By now the Alaska public has been pummeled with numerous reasons and arguments for and against Proposition 1 prohibiting wildlife issues from being decided by initiative. Who is right and who is wrong?
Changing Alaska's Constitution should not be taken lightly. The framers established a system of checks and balances between our legislative, executive and judicial. However, they reserved the ultimate initiation or repeal authority for the people via the initiative and referendum processes, for when political decision-making goes astray.
Only when compelling evidence exists that this delicate balance needs to be tempered should we be willing to modify our state constitution.
Of the ongoing wrangling, only two reasons have surfaced that would dictate action by the voter. The first one is the concern that outside interests funded by animal rights groups would usurp the present system purported to be strictly based on biological science with input from regional advisory boards.
Though this concern has merit, the solution rectifying this problem lies with changing our laws pertaining to financing campaigns. The people of Alaska are being disenfranchised by external big money and high- heeled lobbyist in every sector from insurance regulation to actions associated with the oil patch. You only have to look at the money that moves from lobbyists to various candidates and soft money groups to know that influence buying is alive and well.

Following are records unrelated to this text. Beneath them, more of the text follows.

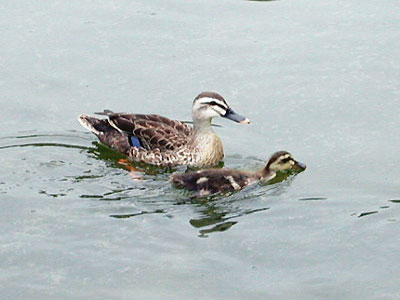 10日ぶりに、親子に合うことが出来ました。母親と比べると、成長した様子が良く分かります。梅雨の合間のくもり空。オスのカモは地上で休憩していましたが、ヒナ達は元気に泳いでいました。カメラを向けると、ヒナ達は寄ってきてくれました。すると、地上にいた母鳥がヒナたちの傍へやってきました。人間に警戒することを教えていたのかもしれません。
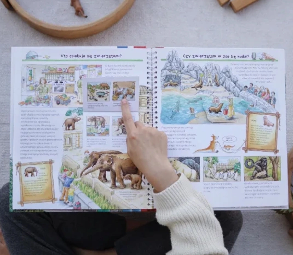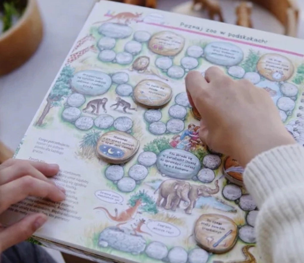 Dziecko dowie się także, co robi się, gdy zwierzę zachoruje, czy może się nudzić i jak wygląda jego otoczenie. Książka nie tylko uczy, ale też rozwija empatię i zrozumienie dla potrzeb dzikich zwierząt.
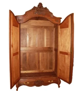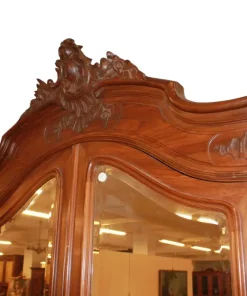 Armadio a 2 ante con specchi francese di fine 1800 stile Luigi Filippo in legno di noce. Presenta cappello con ricca cimasa intagliata, cassetto nel corpo inferiore 2 ante con specchi ed internamente ripiani.

The only other argument that can be made is that Alaska's Boards of Fish and Game can make much better decisions than the public when managing wildlife. Three myths are associated with this line of thinking.
First, since the boards are set up as quasi-government functionaries, boards will not be subject to political whims of the legislative and executive. The problem with this argument lies not only in the appointment process of the respective board members, but it also ignores the political reality of who funds their budgets. In my experiences auditing the Alaska government process, very few appointed board members were willing to cut the political grain when dealing with the forces who appointed them.
The second myth is all board members are objective in thought when making decisions on wildlife matters. Whether for personal or other reasons, many of them have predisposed opinions on how Alaska's wildlife should be managed. The laws surrounding the appointment process could be changed to minimize inherent biases and motives of appointees. Again, our constitution need not be changed for this flaw.
The final myth is that all board members' decisions will be biologically sound and not encumbered or influenced by external sources. This is the Achilles heel of proponents' arguments. For the most part, the operational results of our wildlife boards decision-making have been satisfactory. However, a few fractures in the crucible indeed illustrate that not all decision-making has been based solely on biological deliberations. One only has to consider the excessive harvesting that took place years ago in the red king crab and shrimp fisheries around Kodiak, which resulted in lengthy harvesting moratoriums. Also the decision to transport a game species to SE Alaska despite the biological unsoundness of such action.
Until other aspects of our system are changed to minimize influencing the board process, those managing fish and game in this state should expect some degree of ballot box biology. Voting no on Proposition 1 will preserve our voting rights to accept or reject any governmental action relating to fish and game management considered unacceptable by the Alaska people.
Jenson is a CPA who has 28 years of experience in auditing Alaska's governmental programs, departments and boards.